How does the character of Nasreddin Hodja change across different Muslim countries?

Greeks got him from Turks; he’s much bigger, I noticed, in Cyprus than in Greece. I don’t know enough to compare with Nasreddin in Muslim countries, but in Greek accounts he’s a promulgator of often absurdist folk wisdom. “The argument over the mattress” is a journalistic cliché in Greece.

The argument over the mattress?

Glad you asked.

One night, two people were arguing outside Nasreddin Hodja’s house. Nasreddin got fed up with the fighting, and at his wits’ end, he threw his mattress at them to shut them up.

The two people promptly ran off with his mattress.

Nasreddin returned back to his wife.

“What was that all about?” she asked.

“Oh, they were arguing over who’d get the mattress.”

How do rural people dress/look like in your country?
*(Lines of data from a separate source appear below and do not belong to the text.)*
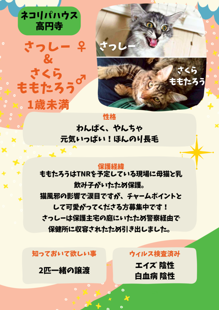 (※1歳未満の子猫については、2匹以上での引き取り、お留守番の短いご家庭でお願いしております)
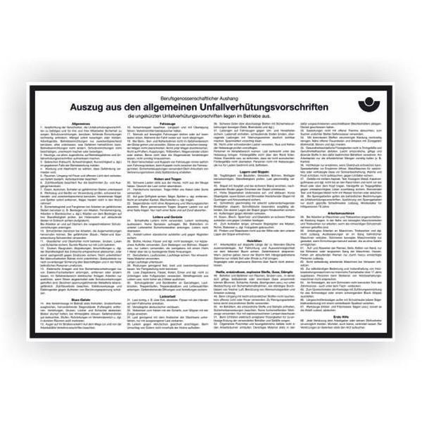 Sicherheitsaushänge "Auszug aus den allgemeinen Unfallverhütungsvorschriften". Material: Kunststoff. Format: 420x297 mm
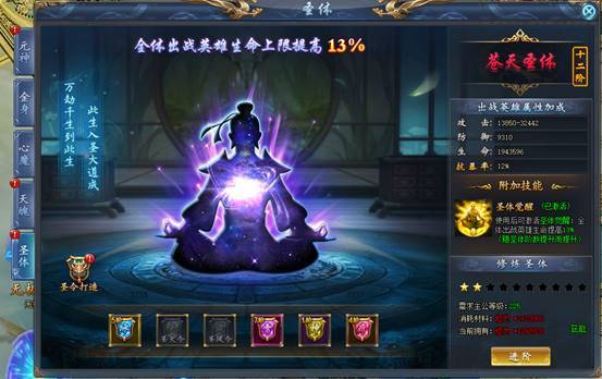对圣体进行升阶可以获得大量战队属性,并能百分比提升出战英雄的生命上限。圣体等阶越高,提升的生命上限越高。
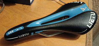 Sillín de bicicleta de la marca Lietu en color negro con detalles en azul. - Diseño ergonómico. - Canal central. - Acolchado medio. - Materiales de calidad. - Logotipo de la marca visible. - 135 mm ancho. Valido para MTB o carretera. Tiene solo un pequeño roce que se aprecia en la foto.

If you’d asked this question 100 years ago, Pegah, I could give you an interesting answer. Then again, if you’d asked this question 100 years ago, you would have been my sworn enemy, and there’d have been no Quora to ask me this through anyway.

Australia:

Australia is absurdly urbanised, and those of us in the cities really don’t know enough about those of us in the country—even though our national mythology is all about how the country is where the Real Australians are.

We do know they listen to country music. We know that they wear jeans even more than urban Australians do.

And we know they all wear hats.

You can tell Lee Kernaghan is a Real Australian. He’s a country singer. And he wears a hat. A real Australian Akubra hat.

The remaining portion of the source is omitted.